Exercise instructions:
Transcribe the lines below exactly. No image belongs in the transcription.

Data extract:
====

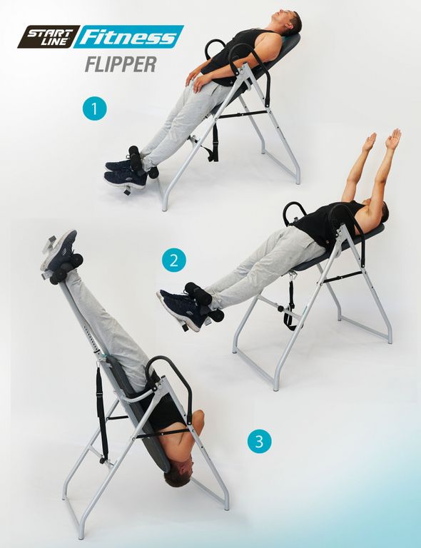 Упражнения на инверсионном столе Flipper помогут Вам: устранить или ослабить боль в спине, расслабить мышцы, улучшить осанку, облегчить состояние при варикозном расширении вен, увеличить приток кислорода к головному мозгу, улучшить кровообращение, снять стресс и напряжение в мышцах.
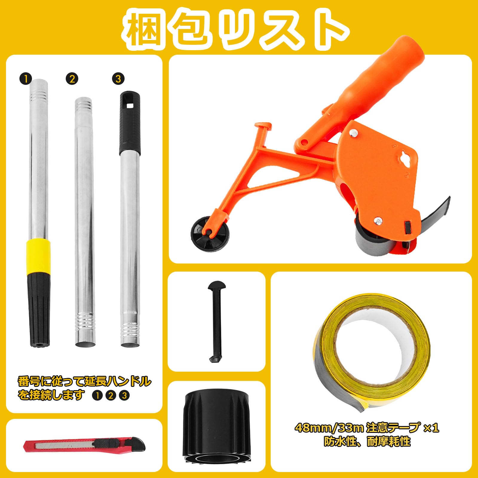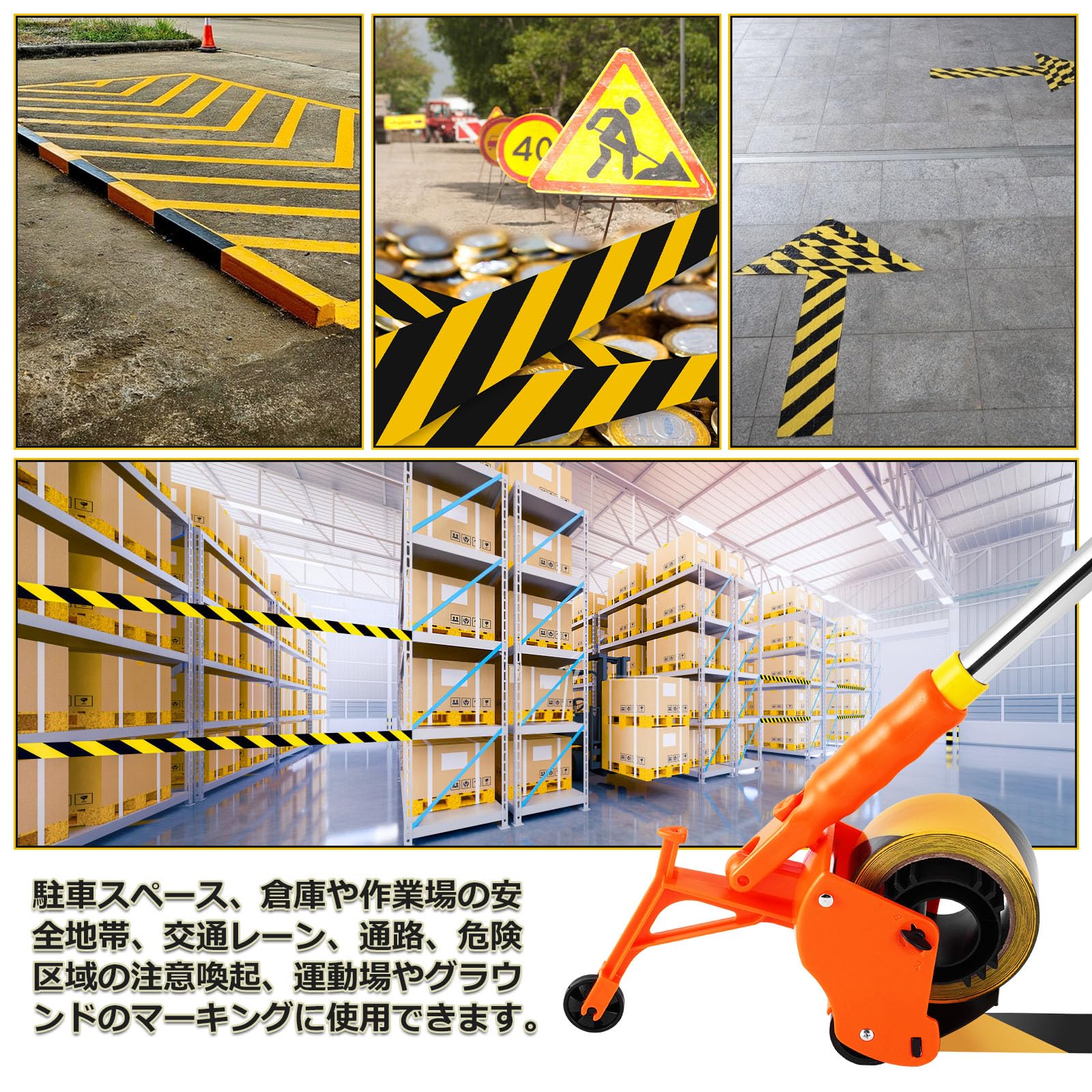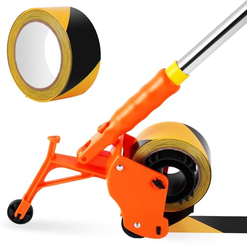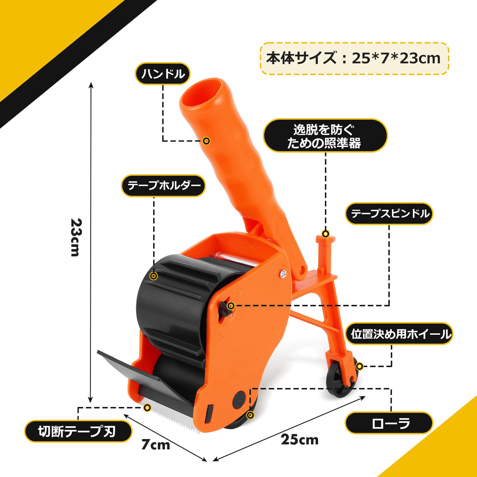 BAOSHISHAN テープ貼付機 テープ貼着装置 マーキングツール 路面用 フロア用 テープカッター テープディスペンサー ライン引き 体育館/アリーナ/倉庫/作業場/危険箇所の注意喚起 床面区切り表示用 延長ハンドル付き
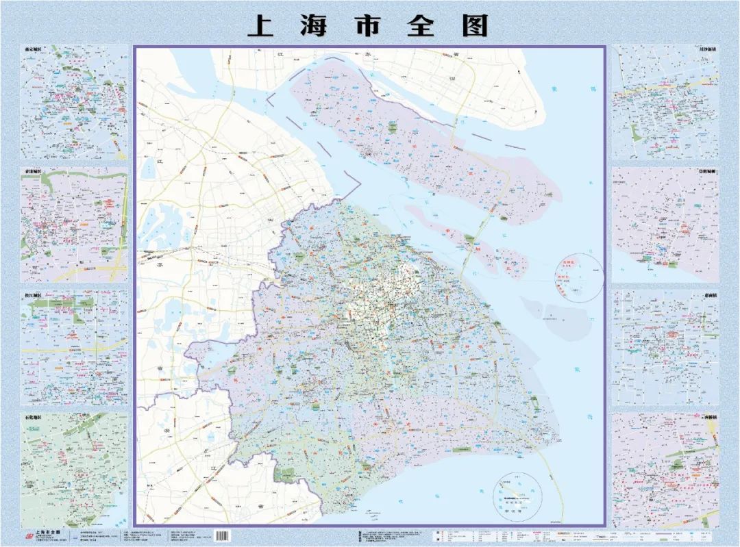 2022年新版《上海市全图》(挂图)大小为1580mm×1180mm。其核心区域包括上海市整个面貌以及与邻省的关系,主要内容包括行政区划、居民地分布、道路交通网、水系网、机场和主要码头分布、主要旅游景点分布等,以及川沙新镇、崇明城桥、惠南镇、南桥镇、嘉定城区、青浦城区、松江城区、石化地区扩大图等。

====

Exercise answer:
 Упражнения на инверсионном столе Flipper помогут Вам: устранить или ослабить боль в спине, расслабить мышцы, улучшить осанку, облегчить состояние при варикозном расширении вен, увеличить приток кислорода к головному мозгу, улучшить кровообращение, снять стресс и напряжение в мышцах.
 BAOSHISHAN テープ貼付機 テープ貼着装置 マーキングツール 路面用 フロア用 テープカッター テープディスペンサー ライン引き 体育館/アリーナ/倉庫/作業場/危険箇所の注意喚起 床面区切り表示用 延長ハンドル付き
 2022年新版《上海市全图》(挂图)大小为1580mm×1180mm。其核心区域包括上海市整个面貌以及与邻省的关系,主要内容包括行政区划、居民地分布、道路交通网、水系网、机场和主要码头分布、主要旅游景点分布等,以及川沙新镇、崇明城桥、惠南镇、南桥镇、嘉定城区、青浦城区、松江城区、石化地区扩大图等。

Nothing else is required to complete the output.